Mentoring in Medicine –  TouroCOM is a proud partner of Mentoring in Medicine.  Mentoring In Medicine (MIM) is a nonprofit organization whose goal is to create a system of mentorship, academic enrichment, leadership development and civic engagement for underrepresented minority youth. Mentoring in Medicine helps students create a strategic plan for graduation from health professional and advanced science training.

TouroCOM also offers a one-year program entitled “Masters to DO,” which allows students the opportunity to strengthen science courses and review what it’s like to be in medical school. The program gives students the opportunity to attend science courses alongside the DO students. If at the end of the first year students meet certain requirements, they will be given a provisional acceptance into medical school.The application does require specific undergrad course work, MCAT scores, GPA and other achievements and personal qualities that demonstrate desire to become a health practitioner.

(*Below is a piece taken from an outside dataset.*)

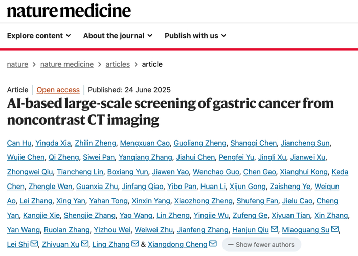 2025 年 6 月 24 日,阿里达摩院张灵及浙江省肿瘤医院程向东、徐志远、石磊、温州市平阳县人民医院苏缪广、宁波市奉化区人民医院裘邯军等人在国际顶尖医学期刊 Nature Medicine 上发表了题为:AI-based large-scale screening of gastric cancer from noncontrast CT imaging 的研究论文。
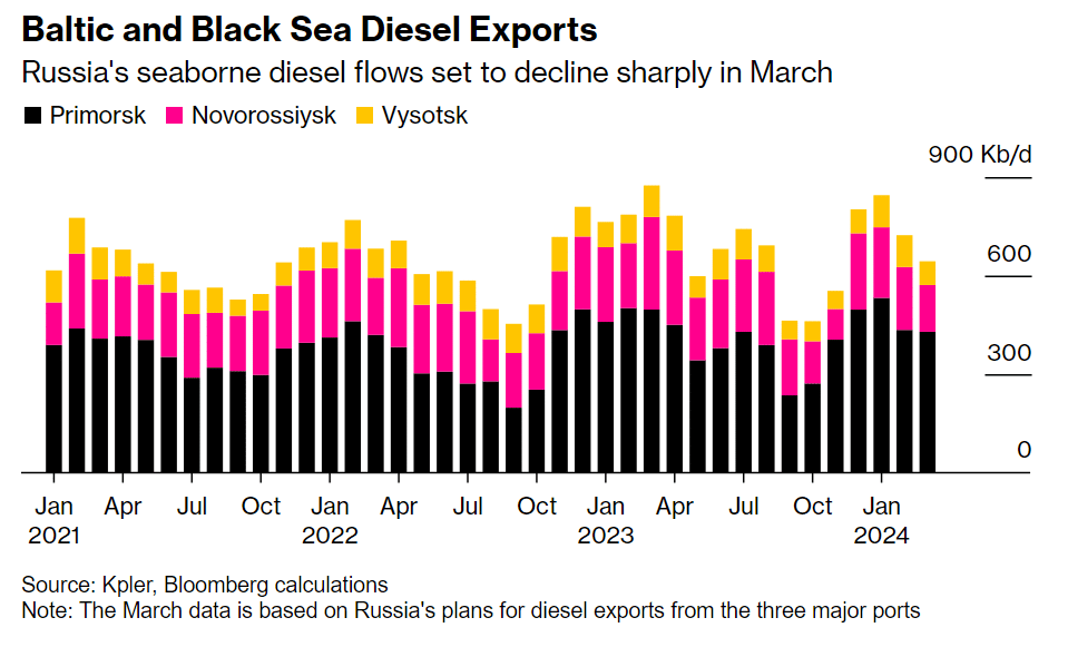 Russia plans to reduce daily diesel exports from its key western ports by 11% in March, after its refineries lowered crude-processing amid Ukrainian drone attacks. Russia no longer sends diesel to Europe due to Western energy sanctions. However, the drop in flows from one of the top global diesel exporters could create further pressure for the European market, which has been shaken by the disruption of shipments in the Red Sea and maintenance at regional refineries.

“We are located in the heart of Harlem and there are opportunities for students looking to pursue a career in medicine,” said Dr. Dady.

When asked how she felt about being honored in this issue of The Harlem Times, she described it as “surreal.”

“Getting here has been an amazing journey,’ but to be acknowledged in The Harlem Times for Women’s History Month, it’s a recognition that I don’t take lightly,” said Dr. Dady. “Once again, I am grateful.”